USS Ronald Reagan docks in Busan as show of force against DPRK

World Today

An American nuclear-powered aircraft carrier is making a port call in the Republic of Korea’s southern city of Busan. The massive ship took part in joint naval exercises, and is seen as a show-of-force amid the tensions over Pyongyang’s recent missile and nuclear weapons testing.

CGTN’s Jack Barton got a first-hand look at warship’s capabilities.

Having spent a week conducting combat drills with South Korea’s navy, the United States’ Reagan Carrier Strike Group headed to the southern Korean port of Busan. At its heart is the USS Ronald Reagan, docking with a large portion of its aerial firepower on show.

“We have about 70 aircraft on board, a combination of strike fighter aircraft like the F-18 and variants,” according to Navy spokesperson David Levy. “Behind us we have the E2D early warning aircraft, as well as two types of helicopter squadrons on board”.

At 100,000 tons and with a crew of about 5,000, the nuclear powered aircraft carrier is the largest American warship in Asia.

The Democratic People’s Republic of Korea calls the Reagan, and the accompanying carrier group, a provocation.

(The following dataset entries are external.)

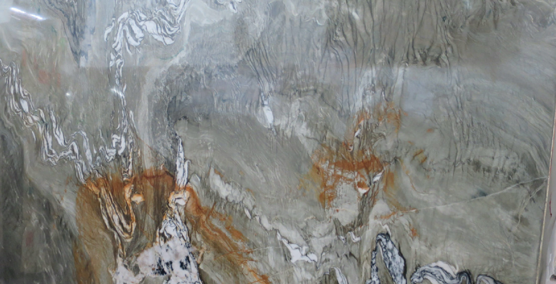 La Tempete Quartzite is a natural stone from Brazil with a gray and green base and a large rustic vein.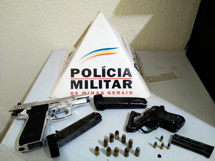 Após a denúncia, os militares se dirigiram à casa do casal, onde encontraram T.F.D., de 60 anos. Ao ser questionado sobre a posse de arma de fogo, ele confirmou, indicando que estava na churrasqueira da casa. Lá foram encontrados uma pistola calibre 380 municiada com cinco cartuchos, além de um carregador de mesmo calibre, com mais cinco munições, e uma calibre 22, com quatro cartuchos.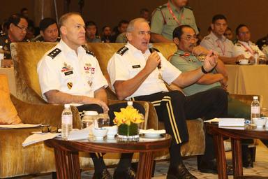 Keywords: u.s. army pacific usarmypacific pacific armies management seminar pacificarmiesmanagementseminar #usarpac usarpac #pacom pacom pams xl pamsxl lt. gen. dato’ sri zulkiple ltgendato’srizulkiple gen. robert brown genrobertbrown kuala lumpur kualalumpur malaysia theater security theatersecurity minister of defence malaysia ministerofdefencemalaysia dato’ seri hishammuddin dato’serihishammuddin indoor Delegates from the 30 attending nations engage in discussions on the overarching topic of "Unity of Effort". Topics for the plenary sessions included cover Violent Extremism: Defining the Problem from the Perspective of Regional Armies; Violent Extremism and the Information Domain: Challenges and Opportunities; and Creating Enduring Civil-Military Partnerships in Responding to Radicalization. This year’s PAMS has representatives from Australia, Bangladesh, Brunei, Cambodia, Canada, Chile, China, Fiji, France, India, Indonesia, Japan, Korea, Laos, Malaysia, Maldives, Mongolia, Nepal, New Zealand, Pakistan, Papua New Guinea, Philippines, Singapore, Sri Lanka, Thailand, Tonga, United States, United Kingdom, Vanuatu, and Vietnam. PAMS is an annual multinational military seminar providing a forum for senior-level (lieutenant colonel to major general, or national equivalent) officers from regional ground forces and security forces to exchange views. It is not only a forum to further understanding of subjects studied, but also an opportunity to establish and enhance a set of strong interpersonal relationships among the future leaders of regional armies and security forces. The Field Commander West, Malaysian Army and Commanding General, United States Army Pacific (USARPAC) serve as the co-host for PAMS XL. Photo by Russell K. Dodson/released Delegates from the 30 attending nations engage in discussions on the overarching topic of "Unity of Effort". Topics for the plenary sessions included cover Violent Extremism: Defining the Problem from the Perspective of Regional Armies; Violent Extremism and the Information Domain: Challenges and Opportunities; and Creating Enduring Civil-Military Partnerships in Responding to Radicalization. This year’s PAMS has representatives from Australia, Bangladesh, Brunei, Cambodia, Canada, Chile, China, Fiji, France, India, Indonesia, Japan, Korea, Laos, Malaysia, Maldives, Mongolia, Nepal, New Zealand, Pakistan, Papua New Guinea, Philippines, Singapore, Sri Lanka, Thailand, Tonga, United States, United Kingdom, Vanuatu, and Vietnam. PAMS is an annual multinational military seminar providing a forum for senior-level (lieutenant colonel to major general, or national equivalent) officers from regional ground forces and security forces to exchange views. It is not only a forum to further understanding of subjects studied, but also an opportunity to establish and enhance a set of strong interpersonal relationships among the future leaders of regional armies and security forces. The Field Commander West, Malaysian Army and Commanding General, United States Army Pacific (USARPAC) serve as the co-host for PAMS XL. Photo by Russell K. Dodson/released
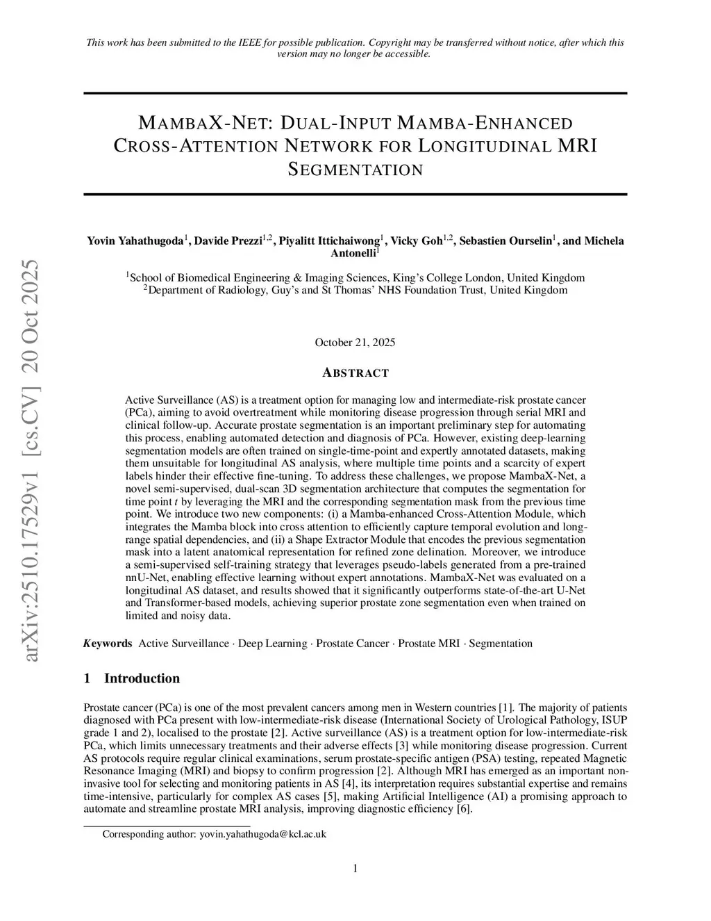 Active Surveillance (AS) is a treatment option for managing low and intermediate-risk prostate cancer (PCa), aiming to avoid overtreatment while monitoring disease progression through serial MRI and clinical follow-up. Accurate prostate segmentation is an important preliminary step for automating this process, enabling automated detection and diagnosis of PCa. However, existing deep-learning segmentation models are often trained on single-time-point and expertly annotated datasets, making them unsuitable for longitudinal AS analysis, where multiple time points and a scarcity of expert labels hinder their effective fine-tuning. To address these challenges, we propose MambaX-Net, a novel semi-supervised, dual-scan 3D segmentation architecture that computes the segmentation for time point t by leveraging the MRI and the corresponding segmentation mask from the previous time point. We introduce two new components: (i) a Mamba-enhanced Cross-Attention Module, which integrates the Mamba block into cross attention to efficiently capture temporal evolution and long-range spatial dependencies, and (ii) a Shape Extractor Module that encodes the previous segmentation mask into a latent anatomical representation for refined zone delination. Moreover, we introduce a semi-supervised self-training strategy that leverages pseudo-labels generated from a pre-trained nnU-Net, enabling effective learning without expert annotations. MambaX-Net was evaluated on a longitudinal AS dataset, and results showed that it significantly outperforms state-of-the-art U-Net and Transformer-based models, achieving superior prostate zone segmentation even when trained on limited and noisy data.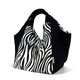 斑馬紋手提便當袋,也可做普通手提袋使用。純棉帆布材質,銀色格子紋裡襯,袋口磁吸扣設計,方便開合,美觀兼實用。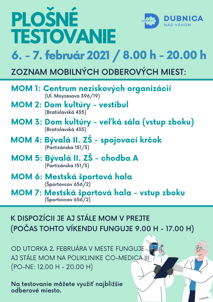 Na základe uvedeného poskytne mesto Dubnica nad Váhom občanom možnosť víkendového plošného testovania, ktoré sa uskutoční 6. a 7. februára 2021 na siedmich odberových miestach. Občania sa môžu prísť dať otestovať v sobotu a v nedeľu od 8.00 h do 20.00 h na ktorékoľvek odberové miesto, pričom na každom z odberových miest by mala byť zabezpečená web kamera monitorujúca aktuálnu vyťaženosť odberového miesta. „Objednávací systém počas tohto víkendu pre nedostatok časového priestoru fungovať nebude, obyvateľov prosíme, aby využili najbližšie odberové miesto a využívali možnosť dať sa otestovať aj v priebehu nedele,“ priblížila prednostka mestského úradu Silvia Kiačiková.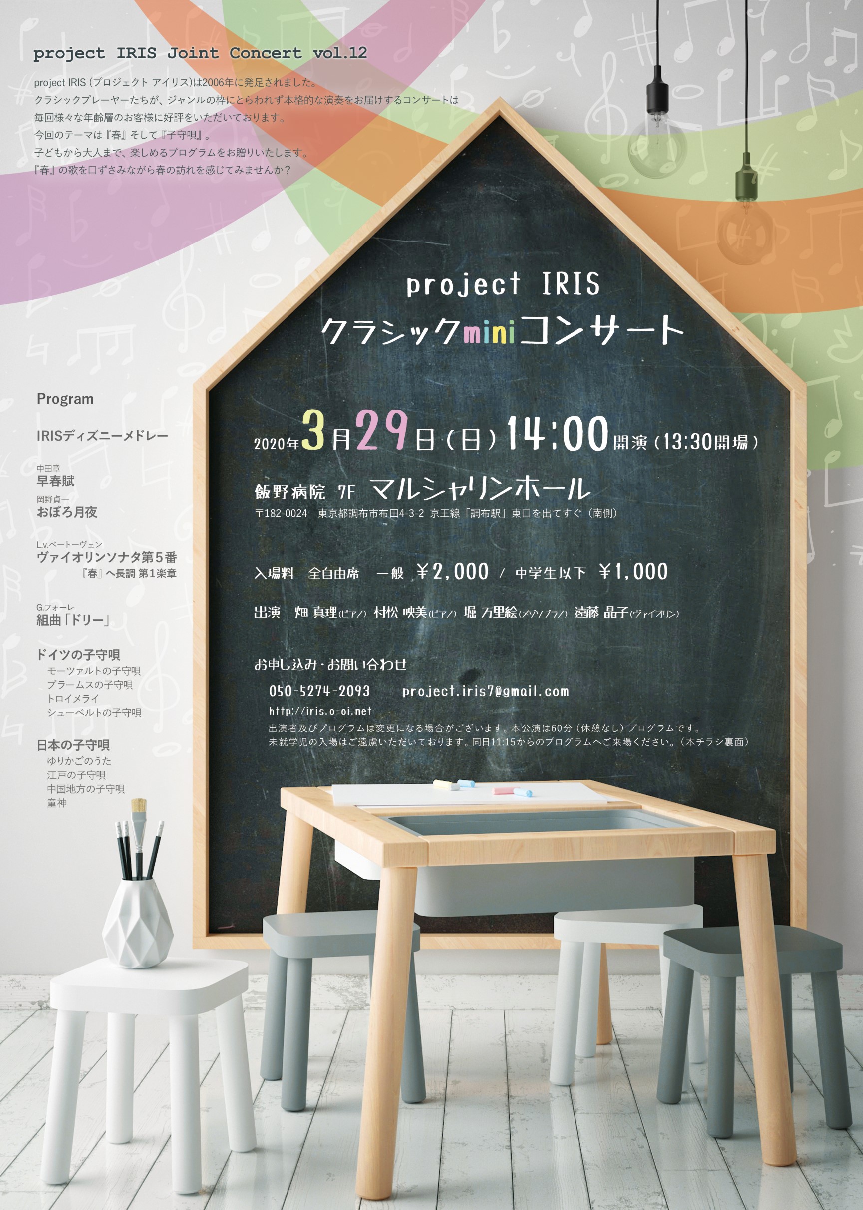今年は3月29日に、0歳から楽しめる音楽会と、子供から大人まで楽しめるミニコンサートの2公演を行います。

Pyongyang says its own nuclear and missile programs are a response to what it sees as the U.S. and South Korea constantly practicing for an alleged invasion.

Seoul and Washington argue the exercises are a purely defensive routine happening since the 1950s.

WATERS SOUTH OF JAPAN (Oct. 16, 2015) An F/A-18F Super Hornet attached to the Diamondbacks of Strike Fighter Squadron (VFA) 102 prepares to launch from flight deck of the U.S. Navy’s only forward-deployed aircraft carrier USS Ronald Reagan (CVN 76). (U.S. Navy photo by Mass Communication Specialist 3rd Class Nathan Burke/Released)

“We have been conducting these routinely scheduled, transparent exercises for the entire duration of that alliance,” Rear Admiral Marc Dalton said. “The purpose of those exercises it to enable the combined defense of South Korea, and have been throughout.”

South Korea’s president Moon Jae-in recently struck an agreement with U.S. President Donald Trump to make the deployment of assets – like the Ronald Reagan as well as strategic bombers – more routine.

This move is likely to further anger the DPRK, which has conducted more missile tests under Kim Jong-un that under his father and grandfather combined. An unprecedented spate of weapons tests by Pyongyang, which include two missiles that flew over Japan and a sixth nuclear test, have further raised tensions in East Asia.